ではどんな時にイメージレイヤーが作られるか確認していきましょう。Docker Instructionにはいくつか種類がありますが、イメージレイヤーが作られるのは、 RUN、COPY、ADDを実行した時です。つまり、この三つのコマンドを使う回数を減らすことで、無駄なイメージレイヤーを作らずにdockerイメージを構築できます。どうすれば減らせるのか、次の2点を確認しましょう。
- コマンドを
&&
で繋げる \
で改行を入れる
RUN apt-get update && apt-get install -y \
build-essential \
libpq-dev \
nodejs \
postgresql-client \
yarn
最初に紹介したコードは&&
を使ってapt-get updateとapu-get installをまとめています。さらに、\
で改行を入れることでinstallするパッケージも一挙に書くことができています。
RUN apt-get update
RUN apt-get install -y
RUN build-essential -y
RUN libpq-dev -y
RUN nodejs -y
RUN postgresql-client -y
RUN yarn
&&
や\
を使わずに書いた例がこちらです。書いてある内容は同じですが、こちらの方が冗長なのが一目でわかると思います。最初の例ではRUNコマンドが1回で済んでいたのに対し、後者では7回も使っています。
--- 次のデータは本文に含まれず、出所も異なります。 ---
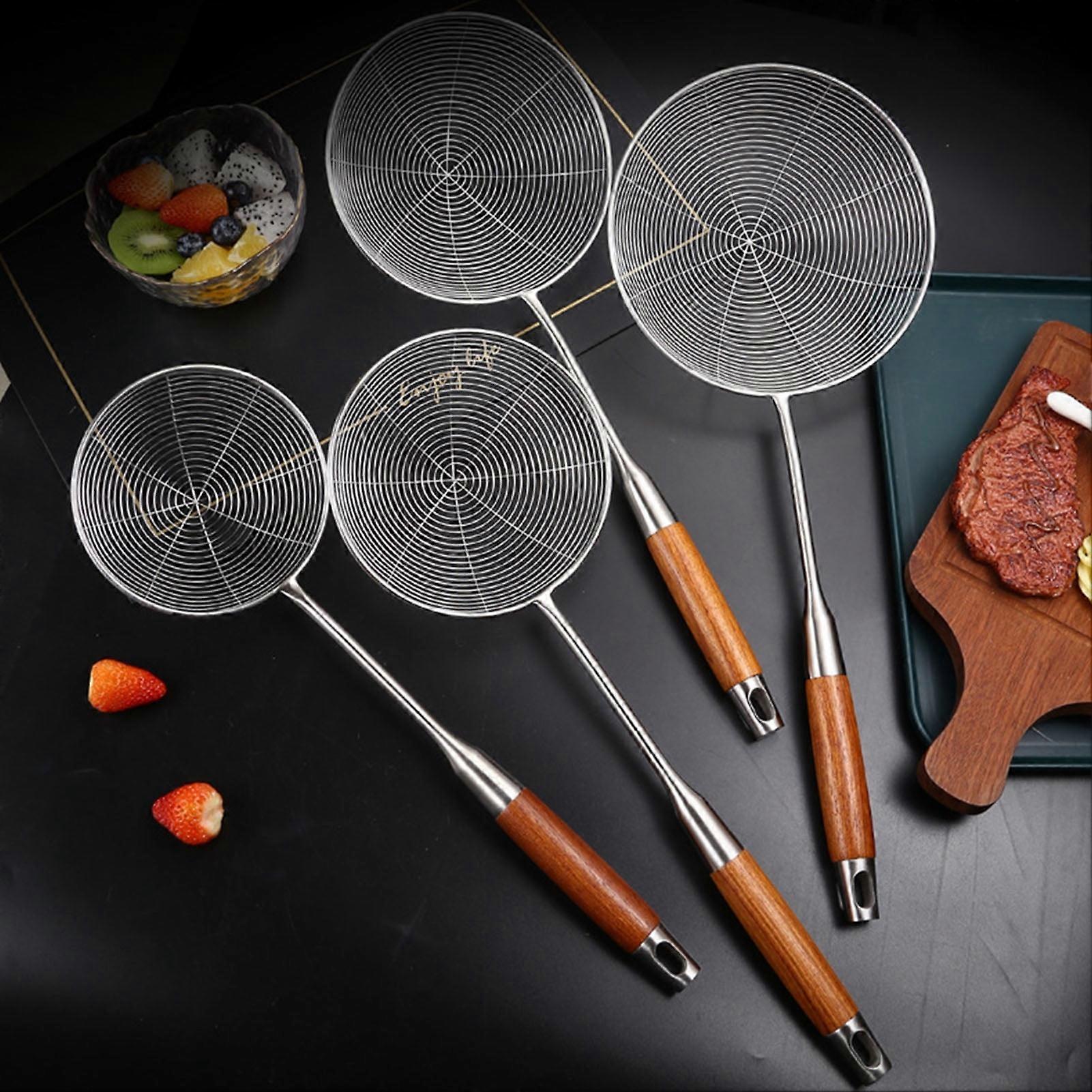 Ludlz Solid Stainless Steel Spider Strainer Skimmer Ladle for Cooking and Frying, Kitchen Utensils Wire Strainer Pasta Strainer Spoon

イメージレイヤーが作られるのは、 RUN、COPY、ADDを実行した時
余分なイメージレイヤーが6つもできていることになります。これは効率的とは言えませんし、&&
や\
でまとめて書いた方がコードもスッキリ書けるのがお分かりいただけたと思います。
Dockerfileを記述する際はイメージを極力軽量化する点を意識すると、自分だけじゃなく周りもハッピーですね。
docker-compose.yml
version: '3'
volumes:
db-data:
services:
web:
build: .
command: >
bash -c "rm -f tmp/pids/server.pid && rails db:create && rails db:migrate && rails s -b 0.0.0.0"
ports:
- '3000:3000'
volumes:
- '.:/rails-docker'
environment:
- 'DATABASE_PASSWORD=postgres'
tty: true
stdin_open: true
depends_on:
- db
links:
- db
db:
image: postgres:12
volumes:
- 'db-data:/var/lib/postgresql/data'
environment:
- 'POSTGRES_USER=postgres'
- 'POSTGRES_PASSWORD=postgres'
Dockerfileの設定が完了したので、続いてdocker-compose.ymlです。
docker-composeにはDockerfileを元にできたイメージを元にコンテナをどう立ち上げるかを記載します。docker run
を実行するとき、必要に応じて-v
などのオプションをつけますよね。それらを書いていくイメージです。
docker-composeを使うことで以下のようなメリットがあります。
- 実行コマンドが簡潔に
- 複数のコンテナを同時に立ち上げできる
実行コマンドが簡潔に
docker-composeを使うことでコンテナ立ち上げ時のコマンドを簡潔にすることができます。今回の場合、docker-compose up
のみでコンテナを立ち上げることができます。
逆に使わないとどうなるか。webコンテナを立ち上げる場合を例にすると、以下のように非常に長いコマンドが必要となります。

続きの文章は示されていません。